Asian Journal of Research in Biochemistry

A field experiment was conducted during September 2024 to March 2025 at the Vermicompost Unit, Division of Soil Science, College of Agriculture, Pune, to evaluate how different organic substrates, in combination with microbial consortia, affect the composition and quality of vermicompost. We hypothesized that substrate type, when integrated with microbial consortia, would significantly influence nutrient enrichment, microbial activity, and heavy metal content in the final vermicompost product. The experiment followed a completely randomized block design with seven treatments—tree litter, button mushroom spent compost, wheat straw, soybean straw, coconut coir, sugarcane trash, and farmyard manure—each replicated three times. Defined microbial consortia were introduced during composting to enhance microbial-mediated decomposition.

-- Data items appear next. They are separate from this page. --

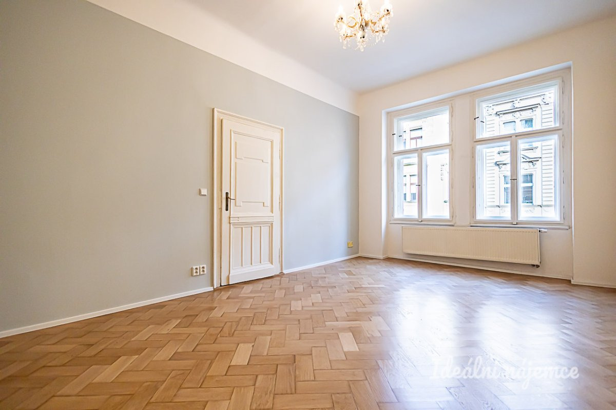 Dům se nachází v historické části Prahy, kde vysoké stropy a dřevěné podlahy jsou samozřejmostí. Byt má dva velmi prostorné průchozí pokoje a separátní kuchyňskou linku, kde krom jiných spotřebičů nechybí ani myčka. Koupelna je vybavena sprchovým koutem a úložným prostorem. Komfort pak nabízí oddělená toaleta.
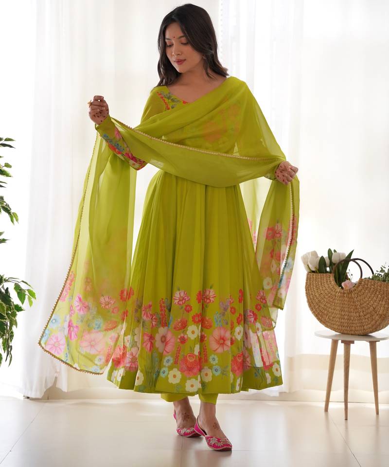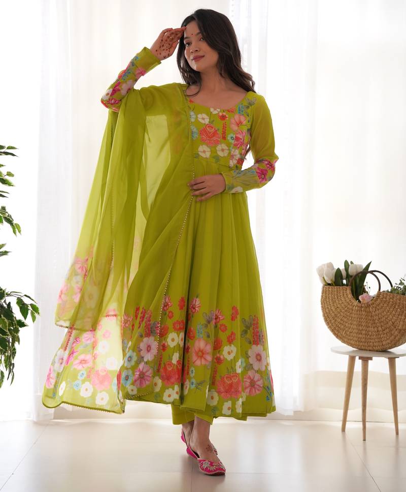 Women soft organza silk with print fully flair anarkali pant with dupatta set stitched
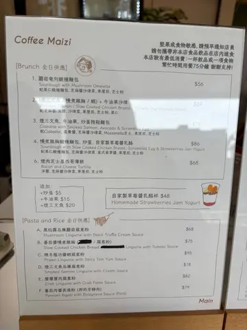 朋友常说咖啡米子的食物不错,但她多数买外卖回家吃,因店面很细,这次她终于屈服陪我去堂食。店内座位不多,要食餐点的话,坐吧枱比较舒适,单饮咖啡就可坐小圆枱,小圆枱要放置两份餐点及两杯咖啡是很勉强。香辣蕃茄酱虎虾扁意粉,虎虾大只爽口,扁意粉弹牙有口感,蕃茄酱的浓稠度恰好。每条意粉都沾满酱汁,微微的辣,好惹味!慢煮鸡胸酸种面包,炒蛋,自家制杂莓酱乳酪 ($86),餐点份量充足,炒蛋嫩滑,鸡胸大大件,肉质不粗糙。配搭微香的酸种面包与酸甜度恰好的乳酪,感觉美味得来又健康。乳酪加入鲜果及燕麦片,口感丰富。泰式奶茶奶油卷,并不会像泰奶茶那么甜,软滑的忌廉带淡淡奶茶香,蛋糕体的湿润度尚可。朋友本想点原味巴斯克芝士蛋糕,落单时只讲了芝士蛋糕,因餐牌上只显示这款芝士蛋糕,结果送来的是蓝莓酱芝士蛋糕。蛋糕的芝士味香浓,口感软滑。和朋友分别点了Iced Mocha和Dirty,自己那杯Mocha稍嫌不够香。主食餐点比起甜品及咖啡好吃,惟连同饮品及甜品,餐点价钱绝不便宜啊。
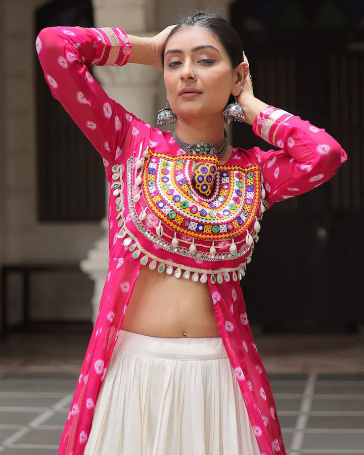 Pink Color Bandhani Print Kurti With Kora Cotton Lehenga
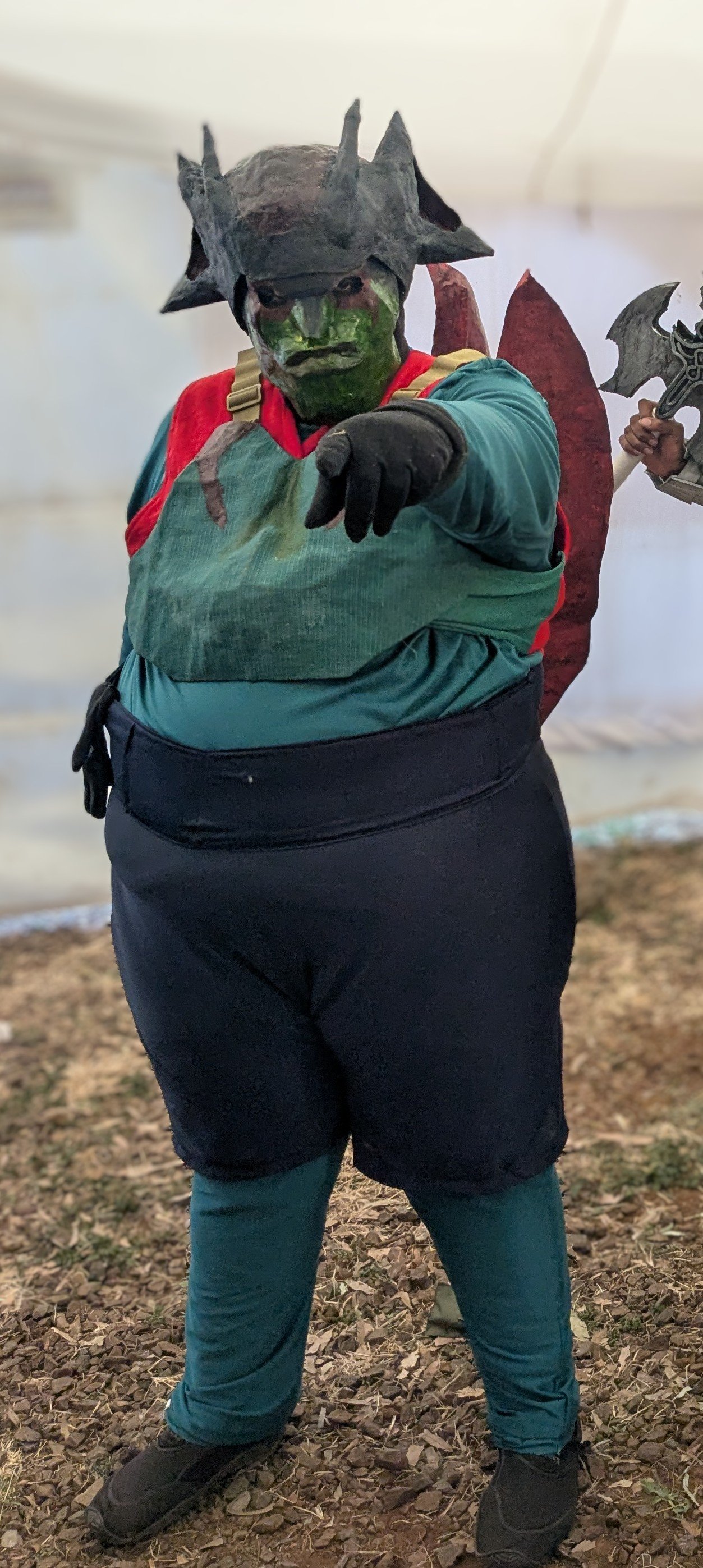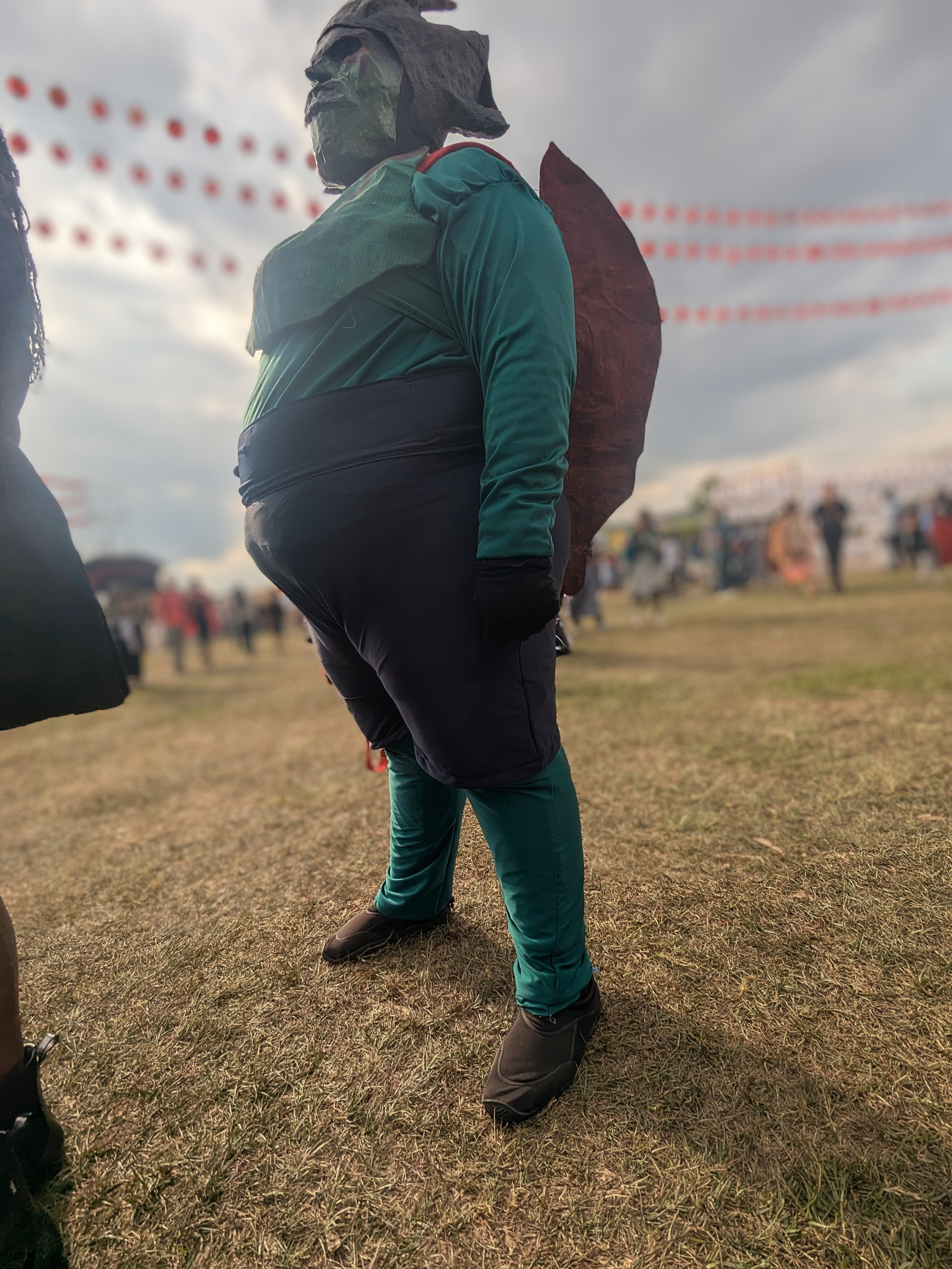 This cosplay is built primarily using paper for the hard pieces(mask, headpiece, breastplate, wings) and fabric for the rest.

Vermicompost derived from tree litter showed superior quality, recording the highest organic carbon (23.96%), total nitrogen (1.93%), available phosphorus (0.68%), and potassium (1.25%). Micronutrient concentrations (Fe: 1575.07 mg kg⁻¹, Mn: 426.38 mg kg⁻¹, Zn: 299.30 mg kg⁻¹, Cu: 184.95 mg kg⁻¹) were also highest in the tree litter treatment. Additionally, heavy metal content (Cd: 0.28, Pb: 0.49, Cr: 0.36 mg kg⁻¹) was lowest in this treatment. Enhanced microbial enzyme activities—including dehydrogenase (34.90 μg TPF g⁻¹ 24 hr⁻¹), acid phosphatase (3.84 μg PNP g⁻¹ 2 hr⁻¹), and urease (118.42 μg NH₄⁺-N g⁻¹ day⁻¹)—further confirmed improved biological quality. Tree litter vermicompost also exhibited lower bulk density (0.73 g cm⁻³), finer particle size (<4 mm), and optimal color (very dark greyish brown, 10YR3/2). These results suggest that tree litter, when combined with microbial consortia, serves as an optimal substrate for high-quality vermicompost production, with enhanced nutrient content, reduced contaminants, and improved biological activity—offering practical benefits for sustainable agriculture.